Cells in all organisms regulate gene expression by turnover of gene transcripts (single stranded RNA): The amount of an expressed gene in a cell can be measured by the number of copies of an RNA transcript of that gene present in a sample. In order to robustly detect and quantify gene expression from small amounts of RNA, amplification of the gene transcript is necessary. The polymerase chain reaction (PCR) is a common method for amplifying DNA; for RNA-based PCR the RNA sample is first reverse-transcribed to complementary DNA (cDNA) with reverse transcriptase.

In order to amplify small amounts of DNA, the same methodology is used as in conventional PCR using a DNA template, at least one pair of specific primers, deoxyribonucleotide triphosphates, a suitable buffer solution and a thermo-stable DNA polymerase. A substance marked with a fluorophore is added to this mixture in a thermal cycler that contains sensors for measuring the fluorescence of the fluorophore after it has been excited at the required wavelength allowing the generation rate to be measured for one or more specific products.
This allows the rate of generation of the amplified product to be measured at each PCR cycle. The data thus generated can be analysed by computer software to calculate relative gene expression (or mRNA copy number) in several samples. Quantitative PCR can also be applied to the detection and quantification of DNA in samples to determine the presence and abundance of a particular DNA sequence in these samples. This measurement is made after each amplification cycle, and this is the reason why this method is called real time PCR (that is, immediate or simultaneous PCR).
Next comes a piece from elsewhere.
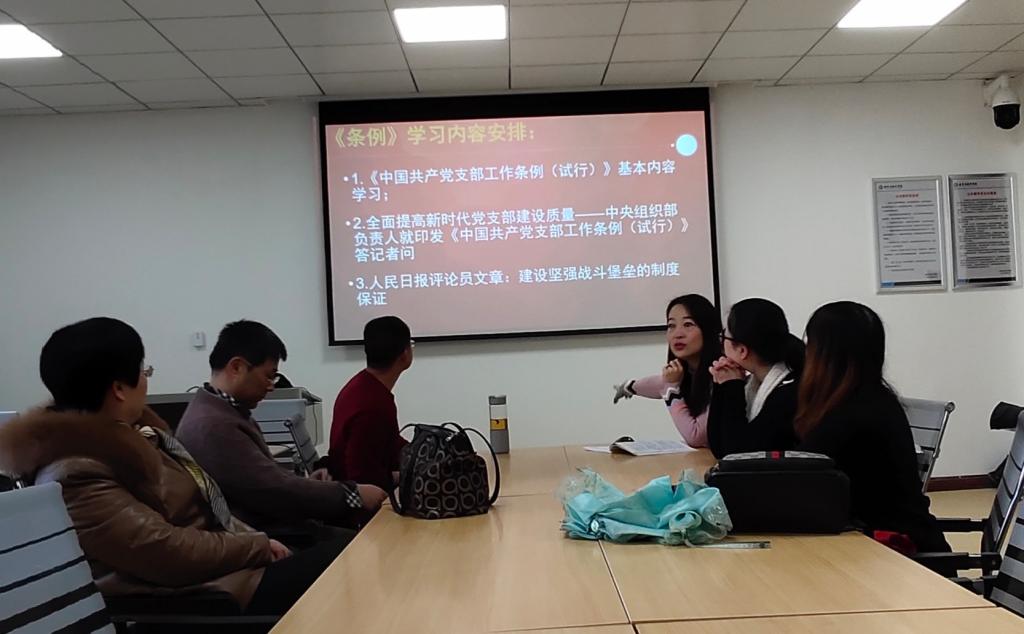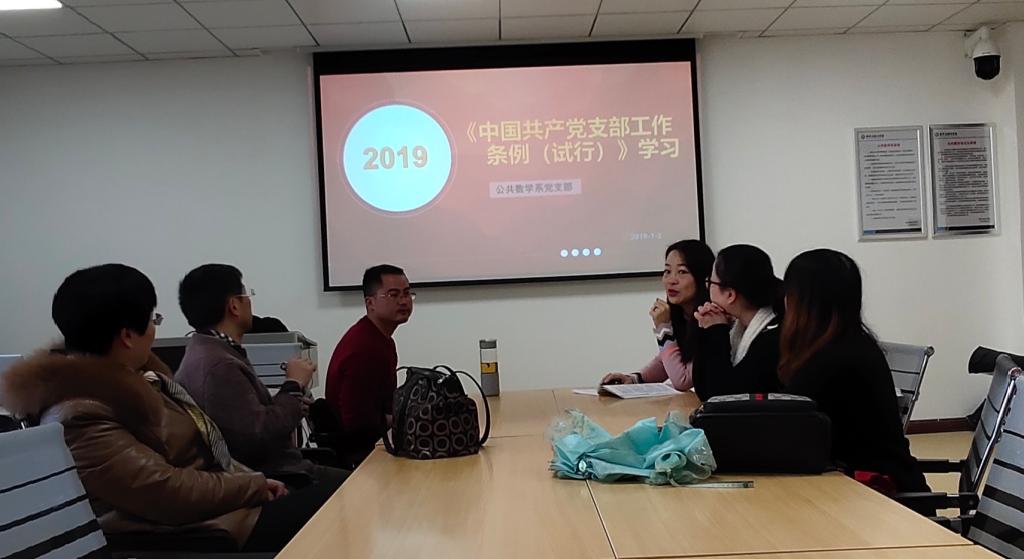 在学院分党委的号召下,公共数学系党支部全体党员于2019年1月2日上午10点,在系党支部活动室开展了学习《中国共产党支部工作条例(试行)》的组织生活会。通过此次学习和思想交流,全体党员深入学习领会了《条例》制定的重要意义:《中国共产党支部工作条例(试行)》以习近平新时代中国特色社会主义思想为指导,贯彻党章要求,既弘扬“支部建在连上”的光荣传统,又体现基层创造的新做法新经验。《条例》共8章37条,内容全面、规定明确,覆盖了党支部建设的各领域、各方面对党支部工作作出全面规范,是新时代党支部建设的基本遵循。

Quantitative PCR and DNA microarray are modern methodologies for studying gene expression. Older methods were used to measure mRNA abundance: differential display, RNase protection assay and northern blot. Northern blotting is often used to estimate the expression level of a gene by visualizing the abundance of its mRNA transcript in a sample. In this method, purified RNA is separated by agarose gel electrophoresis, transferred to a solid matrix (such as a nylon membrane), and probed with a specific DNA or RNA probe that is complementary to the gene of interest. Although this technique is still used to assess gene expression, it requires relatively large amounts of RNA and provides only qualitative or semi quantitative information of mRNA levels. Estimation errors arising from variations in the quantification method can be the result of DNA integrity, enzyme efficiency and many other factors. For this reason a number of standardization systems (often called normalization methods) have been developed. Some have been developed for quantifying total gene expression, but the most common are aimed at quantifying the specific gene being studied in relation to another gene called a normalizing gene, which is selected for its almost constant level of expression. These genes are often selected from housekeeping genes as their functions related to basic cellular survival normally imply constitutive gene expression. This enables researchers to report a ratio for the expression of the genes of interest divided by the expression of the selected normalizer, thereby allowing comparison of the former without actually knowing its absolute level of expression.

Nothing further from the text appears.